You may not have been following KCS’s blog in January of this past year when we produced the following blog post. We questioned the logic of focusing on the ROA as the plan’s primary objective.  We especially challenged the notion that shifting a couple of percent from one asset class to another would produce meaningful results for the pension system. Clearly, given the results produced by asset classes in 2018, it didn’t matter where you placed your assets. There really weren’t any places to hide. Here is that post.

An article appears in today’s WSJ highlighting a dilemma for U.S. public pension plans, but it could be addressing a similar concern for all DB plans, including multiemployer and private plans, that continue to focus on the return on asset assumption (ROA) as the primary objective for both plan sponsors and their asset consultants.

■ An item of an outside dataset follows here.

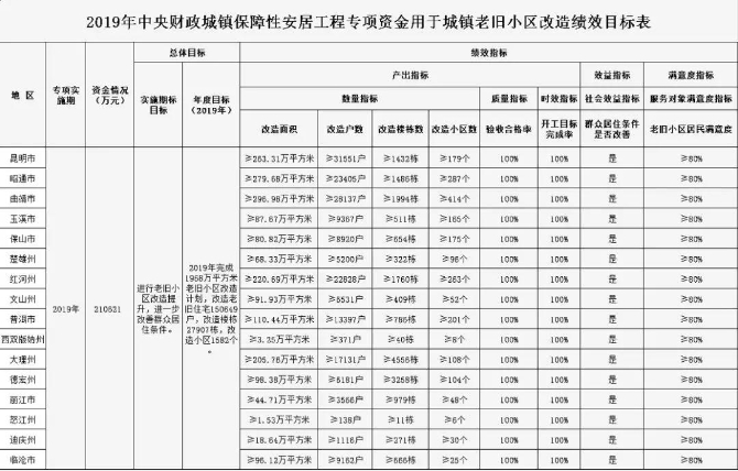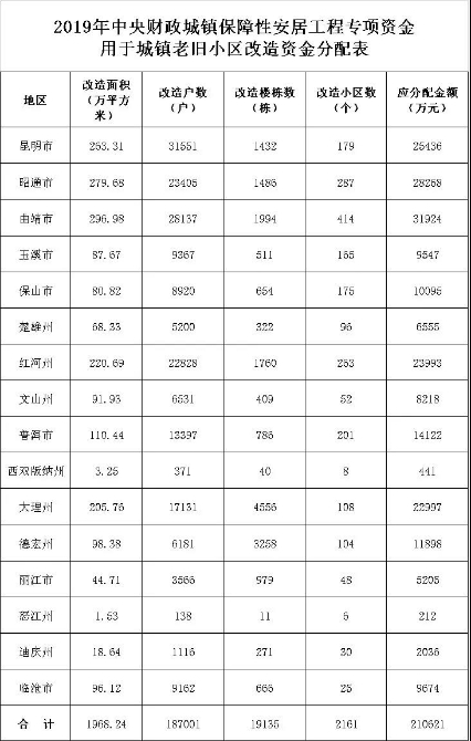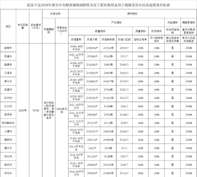 其中,曲靖市的改造面積最多,共296.98萬平方米,改造戶數(shù)28137戶,改造樓棟1994棟,改造小區(qū)414個,應(yīng)分配金額31924萬元。

You see, most of the retirement community has been sold a bag of rotten goods claiming that a plan needs to generate the ROA or it will not meet its funding goals.  Hogwash!

So, when valuations for most asset classes seem to be stretched, where does a pension plan go to allocate their plan’s assets? Well, this “issue” has plan sponsors once again scratching their collective heads and doing the Curly shuffle.  You see, they have once again through the presumed support of their consultants, begun to approach asset allocation as nothing more than rearranging the deck chairs on the Titanic.

Despite tremendous gains from both equity and fixed income bull markets, these plans are willing to “let it ride” instead of altering their approach to possibly reduce risk, stabilize the funded status, and moderate contribution expense. Can you believe that the California State Teachers Retirement System, the country’s second-largest public plan, has recently decided to roll back fixed income exposure by 2% and equity exposure by 1% from 55% to 54%?  Are you kidding me? Is that truly meaningful or heroic?

Please note that generating a return commensurate with the ROA is not going to guarantee success.  Furthermore, since most public pension plans are currently woefully funded on an actuarial basis, meeting this objective will only further exacerbate the UAAL.

These plans don’t need the status quo approach that has been tried for decades. Real pension reform must be implemented before these plans are no longer sustainable, despite the claim that they are perpetual.  As an industry, we have an obligation to ensure the promised benefits are there when needed. Doing the same old, same old places our ability to meet this responsibility in jeopardy. If valuations are truly stretched, why allow your allocations to remain basically stagnant?